- _Requirement_
Copy the listing verbatim, excluding any images found in it.

####################

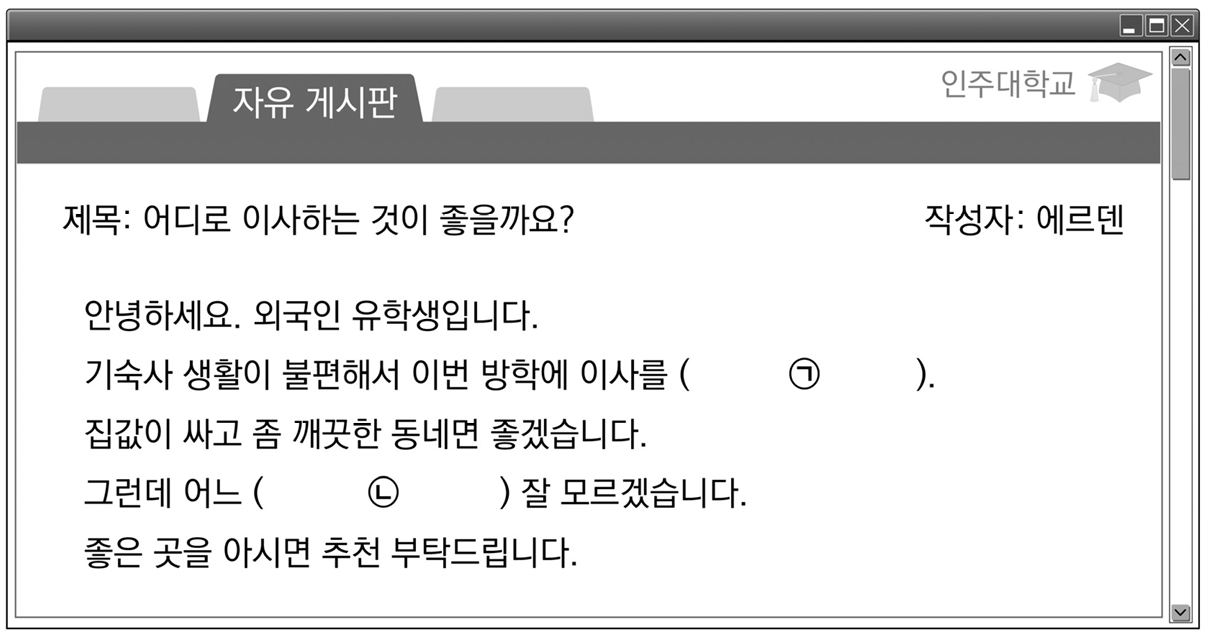 (㉡)は그런데 어느(㉡) 잘 모르겠습니다「しかし、どんな( ㉡ )よくわかりません」とあり、어느「どんな」の後ろには名詞がくるため、当てはまる名詞をまず探します。前の文の집값이 싸고 좀 깨끗한 동네면 좋겠습니다「家賃が安く、ちょっと綺麗な町だと嬉しいです。」から、「綺麗な町」の「町」が「どんな」に繋がる名詞だと分かります。しかし、どんなところが良いかを決めていないことから、疑問の形にする必要があります。韓国語では間接疑問文で「~か」という場合、~지/~을지を使います。したがって、동네가 좋은지 / 동네가 좋을지 / 곳으로 갈지 のいずれも適切な回答となります。
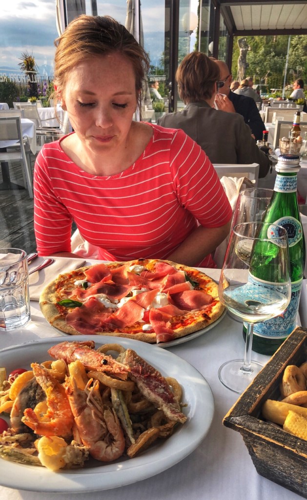 We checked into our hotel and rested for a moment, figuring out our game plan for the evening. We went out for a little walk to see the lake and then went down to join the fun at the races. We walked along the race route and finally settled in for aperitifs and dinner at Villa Pioppi Hotel. It was a lovely evening filled with laughter, birds stealing our food, German racegoers picking our brains, and a plate of seafood with more eyeballs than we’d ever seen before!
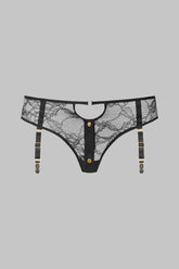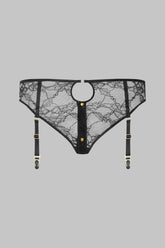 La Culotte Porte-Jarretelles JEUX MAGNÉTIQUES dévoile un jeu de lignes et de textures pensé pour séduire. En dentelle florale extensible, elle se porte taille basse et s’ouvre à l’avant grâce à un bouton aimanté doré discret. Deux découpes en goutte, placées à l’avant et au creux des reins, soulignent la silhouette avec audace. Les jarretelles, amovibles et réglables, sont habillées de finitions métalliques dorées pour une allure aussi élégante que magnétique. À coordonner selon l’envie avec les bas de la collection.
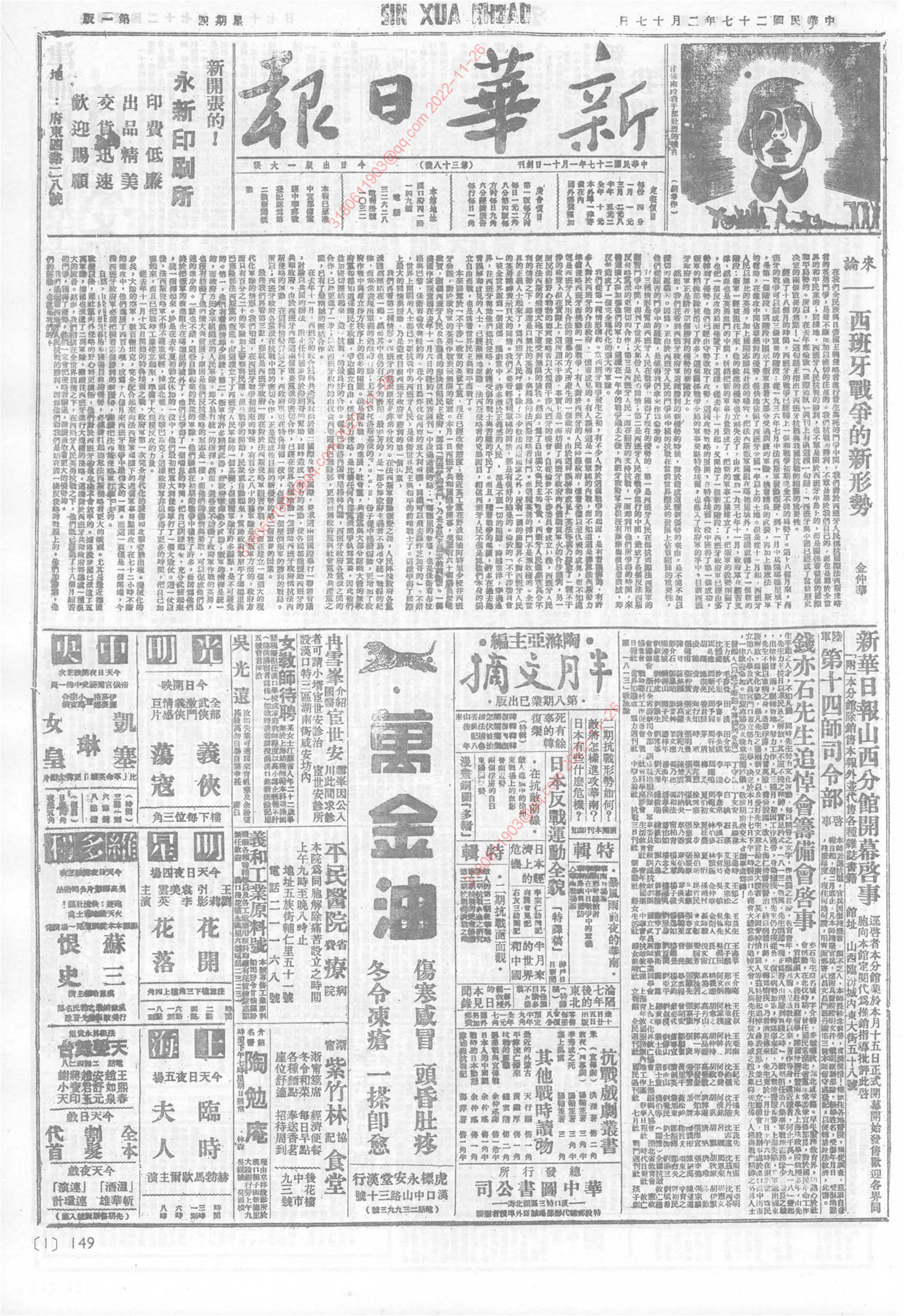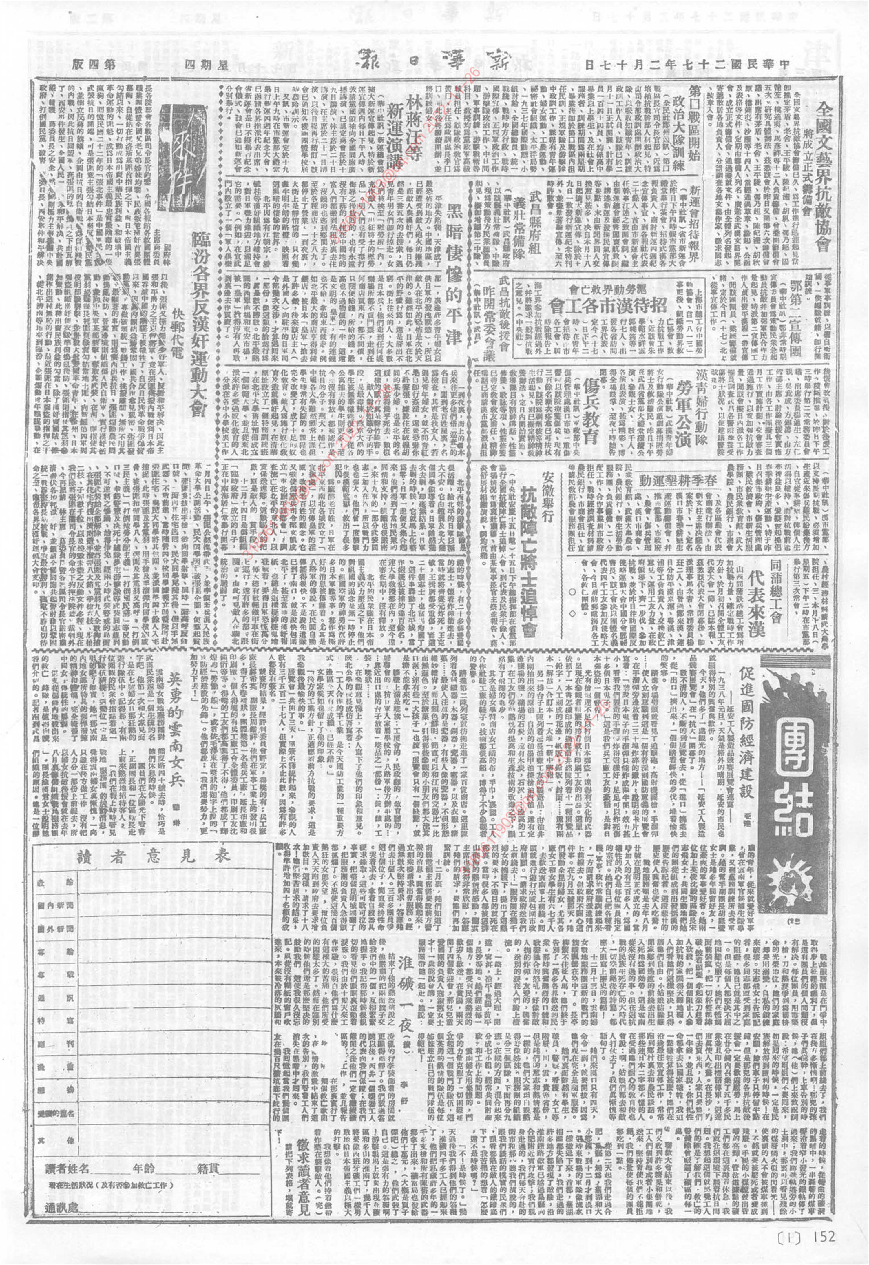 《新华日报》最早在抗日战争时期和解放战争初期(1938年1月11日-1947年2月28日)是中国共产党的大型机关报,它是由周恩来等老一辈无产阶级革命家在河北涉县一二九师司令部亲自创办的、中国共产党第一张在全国公开发行的报纸并一直持续至1947年2月28日。1937年,国共开始第二次合作。中国共产党与国民党当局商定,在南京公开发行中共党报《新华日报》。但是因为顽固派阻挠及日军逼近,报社被迫迁至武汉成忠街53号。延至1938年1月11日,《新华日报》正式在武汉创刊。正式创刊后,报社迁至汉口大陆里。发行部则设大陆里临街的平房内(原建筑已改建)。该报在武汉期间,属中国共产党长江局领导。
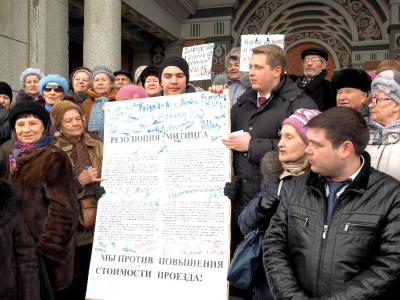 4 марта в Екатеринбурге на Площади Труда состоялся организованный свердловским областным Комитетом КПРФ митинг против повышения стоимости проезда на общественном транспорте и отмене льгот для наименее защищенных категорий граждан.
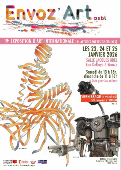 Du 23 au 25 janvier 2026, Gil participera à la 19ème Exposition d’Art internationale organisée à la salle Jacques Brel de Wanze (Huy).
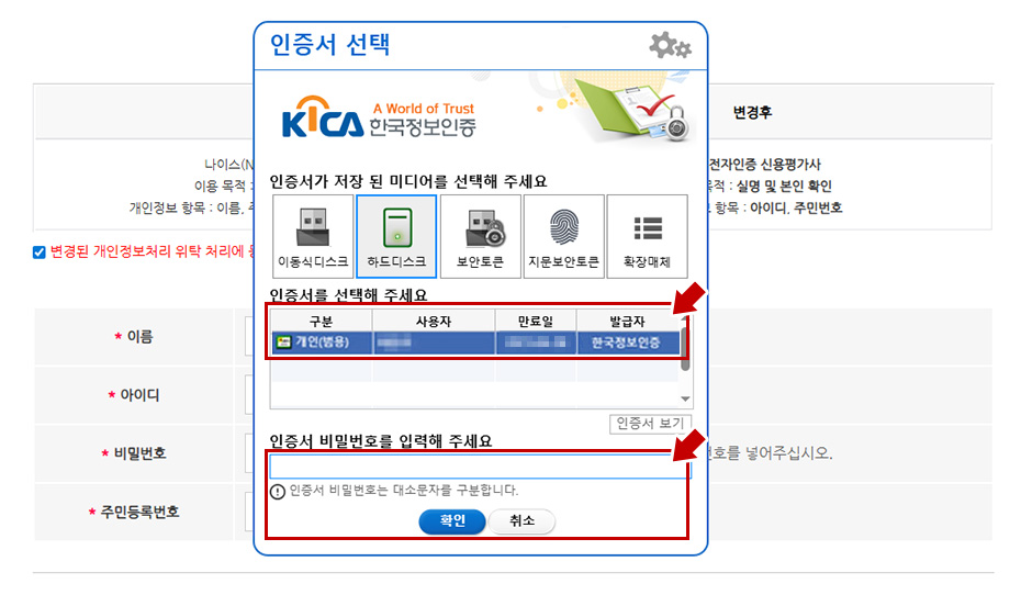한국정보인증 사이트에서 개인범용(1년) 발급

####################

- _Response box_
 (㉡)は그런데 어느(㉡) 잘 모르겠습니다「しかし、どんな( ㉡ )よくわかりません」とあり、어느「どんな」の後ろには名詞がくるため、当てはまる名詞をまず探します。前の文の집값이 싸고 좀 깨끗한 동네면 좋겠습니다「家賃が安く、ちょっと綺麗な町だと嬉しいです。」から、「綺麗な町」の「町」が「どんな」に繋がる名詞だと分かります。しかし、どんなところが良いかを決めていないことから、疑問の形にする必要があります。韓国語では間接疑問文で「~か」という場合、~지/~을지を使います。したがって、동네가 좋은지 / 동네가 좋을지 / 곳으로 갈지 のいずれも適切な回答となります。
 We checked into our hotel and rested for a moment, figuring out our game plan for the evening. We went out for a little walk to see the lake and then went down to join the fun at the races. We walked along the race route and finally settled in for aperitifs and dinner at Villa Pioppi Hotel. It was a lovely evening filled with laughter, birds stealing our food, German racegoers picking our brains, and a plate of seafood with more eyeballs than we’d ever seen before!
 La Culotte Porte-Jarretelles JEUX MAGNÉTIQUES dévoile un jeu de lignes et de textures pensé pour séduire. En dentelle florale extensible, elle se porte taille basse et s’ouvre à l’avant grâce à un bouton aimanté doré discret. Deux découpes en goutte, placées à l’avant et au creux des reins, soulignent la silhouette avec audace. Les jarretelles, amovibles et réglables, sont habillées de finitions métalliques dorées pour une allure aussi élégante que magnétique. À coordonner selon l’envie avec les bas de la collection.
 《新华日报》最早在抗日战争时期和解放战争初期(1938年1月11日-1947年2月28日)是中国共产党的大型机关报,它是由周恩来等老一辈无产阶级革命家在河北涉县一二九师司令部亲自创办的、中国共产党第一张在全国公开发行的报纸并一直持续至1947年2月28日。1937年,国共开始第二次合作。中国共产党与国民党当局商定,在南京公开发行中共党报《新华日报》。但是因为顽固派阻挠及日军逼近,报社被迫迁至武汉成忠街53号。延至1938年1月11日,《新华日报》正式在武汉创刊。正式创刊后,报社迁至汉口大陆里。发行部则设大陆里临街的平房内(原建筑已改建)。该报在武汉期间,属中国共产党长江局领导。
 4 марта в Екатеринбурге на Площади Труда состоялся организованный свердловским областным Комитетом КПРФ митинг против повышения стоимости проезда на общественном транспорте и отмене льгот для наименее защищенных категорий граждан.
 Du 23 au 25 janvier 2026, Gil participera à la 19ème Exposition d’Art internationale organisée à la salle Jacques Brel de Wanze (Huy).
한국정보인증 사이트에서 개인범용(1년) 발급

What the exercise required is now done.